DATASET EXCERPT
Start of Block
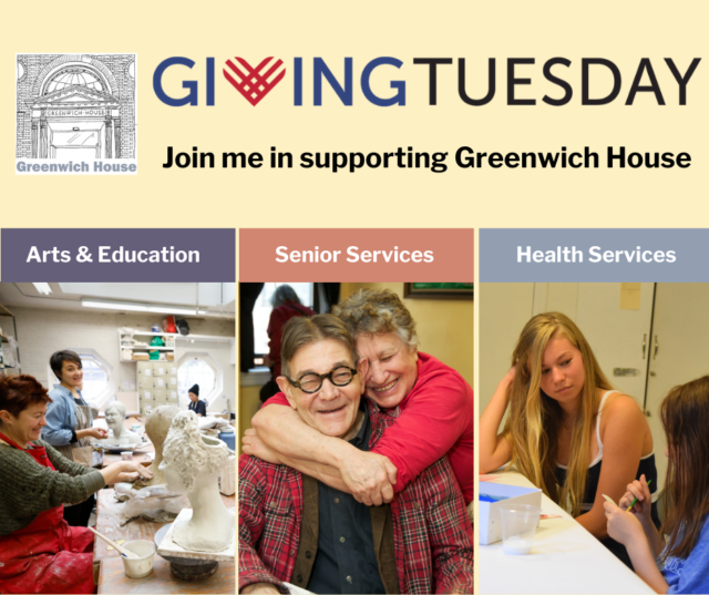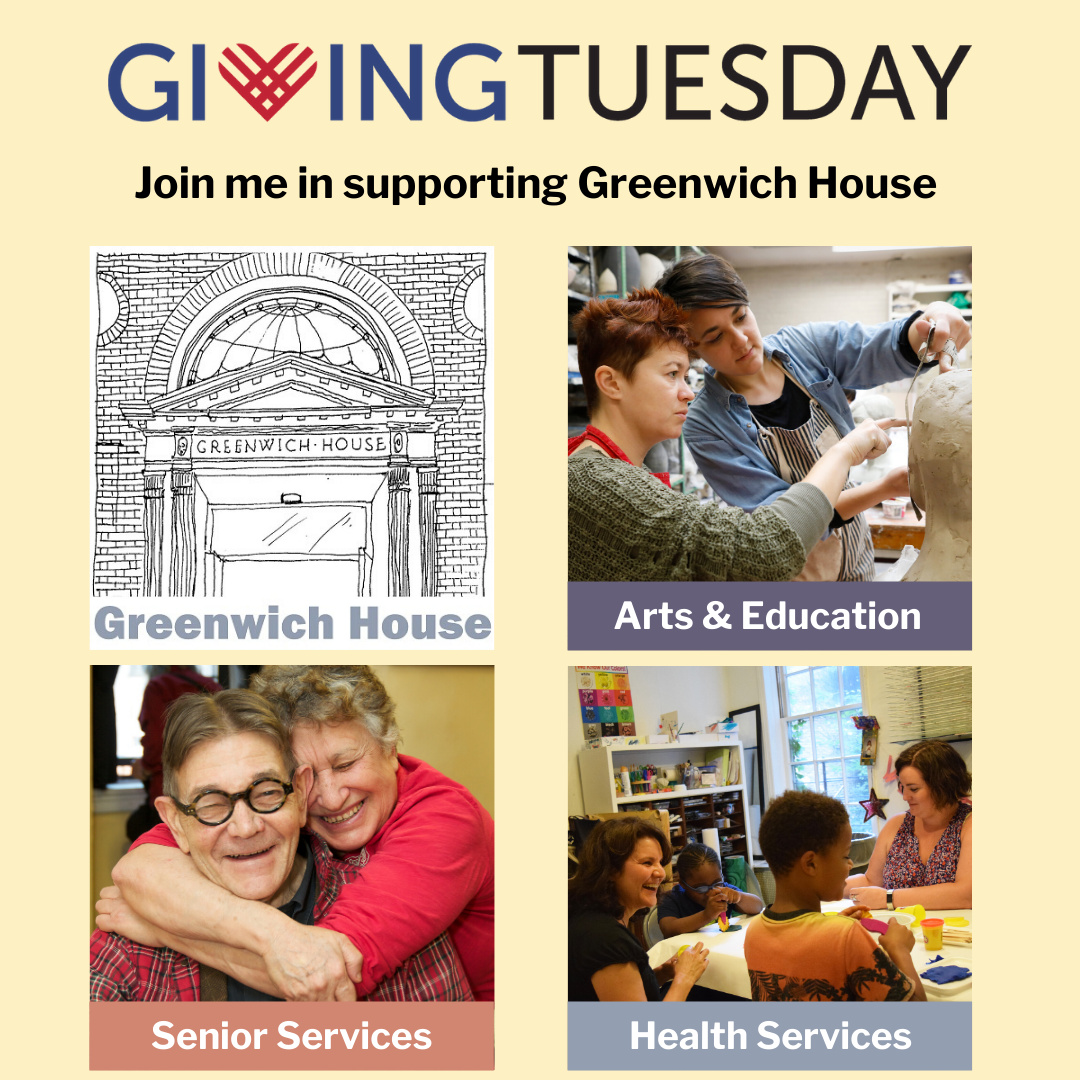 Giving Tuesday is driven by community. Share why Greenwich House is important to you and encourage your friends and family to join you in your support for our mission. Here are some images you can post on social media, and you can use the hashtag #givingtuesday to spread the word even further! Need a shortened link for this page? Try: https://bit.ly/2CYLQJn
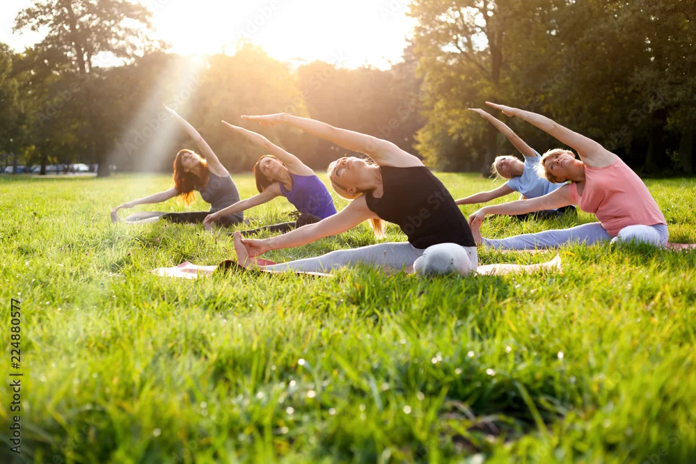 Fototapeta Mixed age group of people practicing yoga outside in the park while sunset
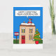 En söt tecknad av ett hus med ett festligt träd utanför och ett sålt skylt. Jultomten är tittar över tak i huset och säger "Lycklig jul från er sal".
End of Block
DIRECTIONS
I would like the material repeated in full and exactly, with its images omitted.

ANSWER TO THIS EXERCISE
 Giving Tuesday is driven by community. Share why Greenwich House is important to you and encourage your friends and family to join you in your support for our mission. Here are some images you can post on social media, and you can use the hashtag #givingtuesday to spread the word even further! Need a shortened link for this page? Try: https://bit.ly/2CYLQJn
 Fototapeta Mixed age group of people practicing yoga outside in the park while sunset
 En söt tecknad av ett hus med ett festligt träd utanför och ett sålt skylt. Jultomten är tittar över tak i huset och säger "Lycklig jul från er sal".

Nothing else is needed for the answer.